Informed Compliance Advice

Because of our team’s substantial litigation experience, we are positioned to provide informed compliance advice. For example, whereas in most firms those providing compliance advice are separate from those who actually litigate the cases, Akin Gump furnishes one team that handles both. This results in more accurate and informed advice because those providing the compliance advice have frequently encountered the same issues being tested in court—such as the scope of the FCA’s overpayment mandate, the Anti-Kickback Act’s “knowing and willful” element or the Stark Law exceptions. Thus, we know what facts and evidence a court is most likely to find persuasive and compelling, and we can provide the compliance advice accordingly. We also, through court actions, know what position the government will likely adopt regarding each of these issues.

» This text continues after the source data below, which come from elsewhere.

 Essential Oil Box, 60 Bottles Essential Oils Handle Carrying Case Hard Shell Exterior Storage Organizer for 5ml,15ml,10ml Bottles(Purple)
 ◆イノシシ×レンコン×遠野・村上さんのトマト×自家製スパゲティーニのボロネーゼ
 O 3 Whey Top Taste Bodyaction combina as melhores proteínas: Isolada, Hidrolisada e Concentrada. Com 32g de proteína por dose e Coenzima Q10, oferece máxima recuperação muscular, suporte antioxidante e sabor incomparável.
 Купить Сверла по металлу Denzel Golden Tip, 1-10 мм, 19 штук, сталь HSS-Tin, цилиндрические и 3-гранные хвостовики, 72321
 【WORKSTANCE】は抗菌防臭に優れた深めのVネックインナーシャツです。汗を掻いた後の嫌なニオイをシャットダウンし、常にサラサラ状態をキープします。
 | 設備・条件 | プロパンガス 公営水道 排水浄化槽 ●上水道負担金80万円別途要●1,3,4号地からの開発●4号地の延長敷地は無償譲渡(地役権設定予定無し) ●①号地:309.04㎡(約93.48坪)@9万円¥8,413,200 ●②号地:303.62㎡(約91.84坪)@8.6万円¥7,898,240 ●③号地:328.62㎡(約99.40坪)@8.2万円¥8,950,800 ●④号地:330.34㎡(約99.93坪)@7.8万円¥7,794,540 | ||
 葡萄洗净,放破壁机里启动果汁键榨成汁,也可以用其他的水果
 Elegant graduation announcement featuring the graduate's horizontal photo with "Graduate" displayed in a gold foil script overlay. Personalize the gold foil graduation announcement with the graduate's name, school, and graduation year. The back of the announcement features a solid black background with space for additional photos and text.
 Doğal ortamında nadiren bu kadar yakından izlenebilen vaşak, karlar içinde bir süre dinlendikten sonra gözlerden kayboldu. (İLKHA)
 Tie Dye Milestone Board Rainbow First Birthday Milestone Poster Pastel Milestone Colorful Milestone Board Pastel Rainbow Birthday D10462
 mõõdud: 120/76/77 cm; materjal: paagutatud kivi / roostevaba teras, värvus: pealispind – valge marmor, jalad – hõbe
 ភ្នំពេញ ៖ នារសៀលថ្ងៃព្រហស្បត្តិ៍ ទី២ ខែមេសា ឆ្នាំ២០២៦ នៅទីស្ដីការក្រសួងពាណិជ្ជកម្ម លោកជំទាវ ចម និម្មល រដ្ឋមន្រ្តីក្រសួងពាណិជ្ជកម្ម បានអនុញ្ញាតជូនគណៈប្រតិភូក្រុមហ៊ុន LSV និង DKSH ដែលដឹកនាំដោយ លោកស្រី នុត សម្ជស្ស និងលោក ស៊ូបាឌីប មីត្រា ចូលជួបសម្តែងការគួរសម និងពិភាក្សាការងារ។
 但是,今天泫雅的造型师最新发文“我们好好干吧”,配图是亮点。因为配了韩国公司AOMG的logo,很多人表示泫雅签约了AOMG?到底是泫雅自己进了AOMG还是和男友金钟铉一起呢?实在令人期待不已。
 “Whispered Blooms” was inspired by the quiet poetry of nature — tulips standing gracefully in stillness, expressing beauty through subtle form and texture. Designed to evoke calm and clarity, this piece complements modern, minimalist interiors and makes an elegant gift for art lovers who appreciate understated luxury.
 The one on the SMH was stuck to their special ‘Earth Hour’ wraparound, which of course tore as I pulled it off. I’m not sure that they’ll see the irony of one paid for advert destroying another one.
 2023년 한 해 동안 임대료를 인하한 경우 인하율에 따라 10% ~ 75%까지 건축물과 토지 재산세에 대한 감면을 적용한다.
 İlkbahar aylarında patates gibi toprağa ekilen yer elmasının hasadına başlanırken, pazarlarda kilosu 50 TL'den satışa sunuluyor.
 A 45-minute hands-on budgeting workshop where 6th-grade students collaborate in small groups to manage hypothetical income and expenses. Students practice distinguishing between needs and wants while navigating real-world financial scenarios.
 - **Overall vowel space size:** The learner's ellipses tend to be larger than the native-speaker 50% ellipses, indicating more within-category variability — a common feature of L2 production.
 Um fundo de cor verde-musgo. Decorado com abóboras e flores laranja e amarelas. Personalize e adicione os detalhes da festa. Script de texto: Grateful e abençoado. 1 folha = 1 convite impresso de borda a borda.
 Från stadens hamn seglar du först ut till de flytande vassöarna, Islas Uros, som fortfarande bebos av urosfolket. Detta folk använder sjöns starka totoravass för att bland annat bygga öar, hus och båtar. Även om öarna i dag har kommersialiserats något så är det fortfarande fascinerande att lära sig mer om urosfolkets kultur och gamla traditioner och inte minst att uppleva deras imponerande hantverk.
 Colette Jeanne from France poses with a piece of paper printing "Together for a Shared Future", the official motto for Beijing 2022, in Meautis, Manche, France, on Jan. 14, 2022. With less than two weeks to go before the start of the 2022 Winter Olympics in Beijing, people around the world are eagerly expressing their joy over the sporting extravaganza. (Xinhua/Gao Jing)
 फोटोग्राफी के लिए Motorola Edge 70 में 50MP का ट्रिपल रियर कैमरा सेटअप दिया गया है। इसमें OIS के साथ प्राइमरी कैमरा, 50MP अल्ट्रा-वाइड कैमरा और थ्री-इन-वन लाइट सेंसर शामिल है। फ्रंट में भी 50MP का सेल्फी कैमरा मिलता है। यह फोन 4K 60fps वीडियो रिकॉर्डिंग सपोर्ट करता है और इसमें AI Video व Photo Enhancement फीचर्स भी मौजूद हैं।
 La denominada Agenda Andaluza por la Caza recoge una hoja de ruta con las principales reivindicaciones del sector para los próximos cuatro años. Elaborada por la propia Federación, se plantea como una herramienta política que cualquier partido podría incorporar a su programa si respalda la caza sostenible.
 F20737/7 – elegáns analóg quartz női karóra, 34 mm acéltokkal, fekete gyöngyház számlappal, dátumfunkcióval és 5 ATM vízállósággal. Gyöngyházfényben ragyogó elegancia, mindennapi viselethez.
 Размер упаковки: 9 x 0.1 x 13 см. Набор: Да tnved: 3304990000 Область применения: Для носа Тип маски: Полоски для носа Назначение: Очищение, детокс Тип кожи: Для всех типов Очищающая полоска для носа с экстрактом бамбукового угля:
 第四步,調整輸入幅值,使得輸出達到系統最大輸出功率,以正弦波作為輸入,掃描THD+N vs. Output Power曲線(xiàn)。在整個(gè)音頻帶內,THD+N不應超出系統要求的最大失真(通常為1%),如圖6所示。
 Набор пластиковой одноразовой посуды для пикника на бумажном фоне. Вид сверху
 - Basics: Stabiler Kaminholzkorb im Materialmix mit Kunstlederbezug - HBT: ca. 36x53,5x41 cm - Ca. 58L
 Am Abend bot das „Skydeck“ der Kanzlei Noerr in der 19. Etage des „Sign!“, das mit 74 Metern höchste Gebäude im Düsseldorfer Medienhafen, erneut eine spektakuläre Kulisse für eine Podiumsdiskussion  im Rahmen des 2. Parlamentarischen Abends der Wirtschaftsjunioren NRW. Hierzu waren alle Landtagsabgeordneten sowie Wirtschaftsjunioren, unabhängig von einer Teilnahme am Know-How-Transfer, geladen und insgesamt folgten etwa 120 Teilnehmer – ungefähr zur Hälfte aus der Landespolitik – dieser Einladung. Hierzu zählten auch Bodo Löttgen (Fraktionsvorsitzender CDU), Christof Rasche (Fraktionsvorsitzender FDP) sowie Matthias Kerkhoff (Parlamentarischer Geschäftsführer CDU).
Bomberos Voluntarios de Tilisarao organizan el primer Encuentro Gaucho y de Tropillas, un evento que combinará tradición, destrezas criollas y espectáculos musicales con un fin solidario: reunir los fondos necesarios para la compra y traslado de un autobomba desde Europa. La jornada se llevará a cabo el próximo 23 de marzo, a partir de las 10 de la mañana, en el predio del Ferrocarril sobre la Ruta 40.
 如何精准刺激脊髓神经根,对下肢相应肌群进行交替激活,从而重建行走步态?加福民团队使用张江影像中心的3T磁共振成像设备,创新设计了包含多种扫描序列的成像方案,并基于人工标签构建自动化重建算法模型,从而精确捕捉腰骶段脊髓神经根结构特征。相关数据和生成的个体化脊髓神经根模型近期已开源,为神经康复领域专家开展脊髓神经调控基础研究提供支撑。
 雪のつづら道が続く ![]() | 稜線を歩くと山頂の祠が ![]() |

The team’s pre-lawsuit compliance advice includes:

  • responding to Department of Justice civil investigative demands and subpoena requests
  • making voluntary disclosures
  • conducting internal reviews regarding whether there is a known overpayment and, if so, to whom and what to disclose

Our team also provides extensive counseling concerning compliance with fraud and abuse laws. This experience includes:

  • counseling on fraud and abuse issues related to the submission of Medicare and Medicaid reimbursement claims, including compliance with the false claims laws and mandatory disclosures
  • designing, implementing and evaluating compliance programs
  • negotiating Corporate Integrity Agreements (CIAs) imposed by the Department of Health and Human Services (HHS) Office of Inspector General (OIG) and counseling clients in meeting CIA obligations
  • conducting internal investigations regarding possible overpayments or other compliance failures
  • advising pharmaceutical manufacturers on whether certain discount arrangements and bundled sales of products comport with the federal Anti-Kickback Law
  • advising pharmaceutical manufacturers on fraud and abuse compliance policies relating to quality programs, refill reminders and other product support programs
  • requesting advisory opinions on behalf of pharmaceutical manufacturers from the OIG, including requests regarding the Anti-Kickback Law compliance implications of proposed discount arrangements and patient assistance programs
  • counseling a large retail pharmacy chain on vicarious liability for fraud and abuse violations committed by its employees under state patient brokering and anti-rebate statutes and the Anti-Kickback Law
  • counseling a physician practice management company acquiring interests in numerous physician practices and clinical laboratories across the United States on how to structure these transactions to conform with federal and state anti-kickback laws
  • evaluating independent patient assistance programs for compliance with the Anti-Kickback Law and other fraud and abuse laws and counseling manufacturers on appropriate safeguards for such programs
  • structuring manufacturer-sponsored patient assistance programs to comply with the Anti-Kickback Law and other fraud and abuse laws
  • structuring manufacturer marketing programs with providers and managed care organizations to ensure compliance with the Anti-Kickback Law and other fraud and abuse laws
  • reviewing a device manufacturer’s consulting and royalty contracts with physician inventors and technical advisers for compliance with the Anti-Kickback Law and the Stark Law
  • providing fraud and abuse counseling related to structuring business arrangements among pharmaceutical companies, managed care organizations, physicians, hospitals and other providers
  • evaluating corporate compliance programs and practices and compliance risks as part of due diligence reviews.